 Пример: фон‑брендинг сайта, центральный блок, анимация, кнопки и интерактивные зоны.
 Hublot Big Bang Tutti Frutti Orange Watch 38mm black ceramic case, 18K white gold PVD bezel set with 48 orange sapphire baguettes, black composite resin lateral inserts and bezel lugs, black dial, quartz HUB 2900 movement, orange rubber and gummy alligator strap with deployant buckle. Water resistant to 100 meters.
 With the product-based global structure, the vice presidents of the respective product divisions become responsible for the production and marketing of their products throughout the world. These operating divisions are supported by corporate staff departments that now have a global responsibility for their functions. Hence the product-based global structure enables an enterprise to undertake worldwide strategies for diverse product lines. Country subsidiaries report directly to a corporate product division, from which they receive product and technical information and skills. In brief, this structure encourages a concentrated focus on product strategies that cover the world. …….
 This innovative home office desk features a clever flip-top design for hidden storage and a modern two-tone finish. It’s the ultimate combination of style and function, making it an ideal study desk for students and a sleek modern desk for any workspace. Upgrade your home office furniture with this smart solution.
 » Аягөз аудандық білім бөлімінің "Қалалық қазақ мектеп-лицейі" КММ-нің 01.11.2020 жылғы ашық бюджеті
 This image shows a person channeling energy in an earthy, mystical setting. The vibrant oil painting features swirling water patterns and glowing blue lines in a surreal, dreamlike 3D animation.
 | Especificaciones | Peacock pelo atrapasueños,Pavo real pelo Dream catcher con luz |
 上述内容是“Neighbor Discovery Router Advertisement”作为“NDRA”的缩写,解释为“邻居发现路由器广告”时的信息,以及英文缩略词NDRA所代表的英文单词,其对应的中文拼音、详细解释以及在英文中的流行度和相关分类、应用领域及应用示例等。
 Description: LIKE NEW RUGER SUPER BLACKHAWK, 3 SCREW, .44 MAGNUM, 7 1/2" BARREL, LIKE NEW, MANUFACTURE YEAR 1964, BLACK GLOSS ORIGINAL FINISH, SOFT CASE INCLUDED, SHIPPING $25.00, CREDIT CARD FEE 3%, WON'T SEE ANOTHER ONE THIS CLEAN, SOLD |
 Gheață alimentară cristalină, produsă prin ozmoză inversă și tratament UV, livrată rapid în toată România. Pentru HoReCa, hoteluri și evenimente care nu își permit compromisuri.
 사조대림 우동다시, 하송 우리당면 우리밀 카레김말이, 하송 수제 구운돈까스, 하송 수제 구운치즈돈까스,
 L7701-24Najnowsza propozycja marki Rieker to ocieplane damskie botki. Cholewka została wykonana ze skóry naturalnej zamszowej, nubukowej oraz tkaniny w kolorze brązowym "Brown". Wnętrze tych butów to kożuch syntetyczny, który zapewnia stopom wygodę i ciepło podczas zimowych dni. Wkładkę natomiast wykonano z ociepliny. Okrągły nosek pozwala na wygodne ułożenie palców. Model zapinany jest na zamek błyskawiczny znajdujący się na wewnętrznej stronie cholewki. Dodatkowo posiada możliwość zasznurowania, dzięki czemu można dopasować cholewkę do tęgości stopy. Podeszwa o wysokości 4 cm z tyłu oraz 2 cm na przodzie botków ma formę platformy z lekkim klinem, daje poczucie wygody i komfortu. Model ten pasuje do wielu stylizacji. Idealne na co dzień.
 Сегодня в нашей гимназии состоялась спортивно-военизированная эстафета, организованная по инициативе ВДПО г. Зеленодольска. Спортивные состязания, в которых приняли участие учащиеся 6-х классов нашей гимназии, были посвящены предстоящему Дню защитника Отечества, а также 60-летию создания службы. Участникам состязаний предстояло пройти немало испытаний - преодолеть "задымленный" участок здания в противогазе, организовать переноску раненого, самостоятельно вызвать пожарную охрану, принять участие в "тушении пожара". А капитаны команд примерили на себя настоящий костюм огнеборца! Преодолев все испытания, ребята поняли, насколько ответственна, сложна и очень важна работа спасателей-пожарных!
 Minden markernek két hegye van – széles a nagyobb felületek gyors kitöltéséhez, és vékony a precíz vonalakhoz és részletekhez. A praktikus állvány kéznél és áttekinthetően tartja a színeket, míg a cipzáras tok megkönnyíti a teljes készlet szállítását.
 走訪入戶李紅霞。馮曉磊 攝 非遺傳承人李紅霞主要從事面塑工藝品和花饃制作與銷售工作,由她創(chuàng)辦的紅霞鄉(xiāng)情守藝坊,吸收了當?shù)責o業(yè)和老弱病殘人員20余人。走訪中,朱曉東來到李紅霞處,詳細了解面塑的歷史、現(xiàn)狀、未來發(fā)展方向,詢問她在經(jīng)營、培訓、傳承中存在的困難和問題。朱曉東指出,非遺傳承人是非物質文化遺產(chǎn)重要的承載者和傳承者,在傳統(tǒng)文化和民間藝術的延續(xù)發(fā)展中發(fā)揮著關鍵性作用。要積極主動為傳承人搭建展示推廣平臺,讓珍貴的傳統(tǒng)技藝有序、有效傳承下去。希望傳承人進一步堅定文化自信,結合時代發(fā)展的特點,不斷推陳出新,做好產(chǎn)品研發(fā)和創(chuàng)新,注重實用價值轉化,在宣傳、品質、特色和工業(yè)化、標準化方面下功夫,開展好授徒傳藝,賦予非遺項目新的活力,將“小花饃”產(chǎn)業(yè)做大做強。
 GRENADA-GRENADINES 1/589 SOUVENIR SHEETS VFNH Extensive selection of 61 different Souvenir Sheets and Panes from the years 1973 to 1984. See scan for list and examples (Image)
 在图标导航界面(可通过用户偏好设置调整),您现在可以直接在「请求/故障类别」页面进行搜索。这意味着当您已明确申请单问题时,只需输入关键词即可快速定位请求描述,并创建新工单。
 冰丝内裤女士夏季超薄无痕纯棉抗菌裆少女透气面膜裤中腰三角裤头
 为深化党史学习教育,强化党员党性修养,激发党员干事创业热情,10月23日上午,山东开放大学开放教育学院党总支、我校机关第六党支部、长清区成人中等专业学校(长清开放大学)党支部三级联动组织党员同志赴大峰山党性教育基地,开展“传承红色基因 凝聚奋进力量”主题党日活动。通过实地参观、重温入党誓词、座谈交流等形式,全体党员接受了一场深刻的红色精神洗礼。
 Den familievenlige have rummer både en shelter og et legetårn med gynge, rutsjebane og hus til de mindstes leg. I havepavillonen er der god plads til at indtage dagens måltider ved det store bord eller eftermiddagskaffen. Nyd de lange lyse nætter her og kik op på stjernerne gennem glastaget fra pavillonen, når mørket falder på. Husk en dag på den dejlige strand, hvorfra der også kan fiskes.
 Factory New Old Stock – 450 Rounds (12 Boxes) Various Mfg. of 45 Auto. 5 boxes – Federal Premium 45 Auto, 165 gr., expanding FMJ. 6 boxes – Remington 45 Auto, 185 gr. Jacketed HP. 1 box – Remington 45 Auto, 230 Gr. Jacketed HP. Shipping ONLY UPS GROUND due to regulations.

**WHAT TO WORK ON**
Exactly as they appear, copy the lines of the listing above from the first through the one that contains "Hublot Big Bang", and nothing more.

**SOLUTION FOR THIS PROBLEM**
 Пример: фон‑брендинг сайта, центральный блок, анимация, кнопки и интерактивные зоны.
 Hublot Big Bang Tutti Frutti Orange Watch 38mm black ceramic case, 18K white gold PVD bezel set with 48 orange sapphire baguettes, black composite resin lateral inserts and bezel lugs, black dial, quartz HUB 2900 movement, orange rubber and gummy alligator strap with deployant buckle. Water resistant to 100 meters.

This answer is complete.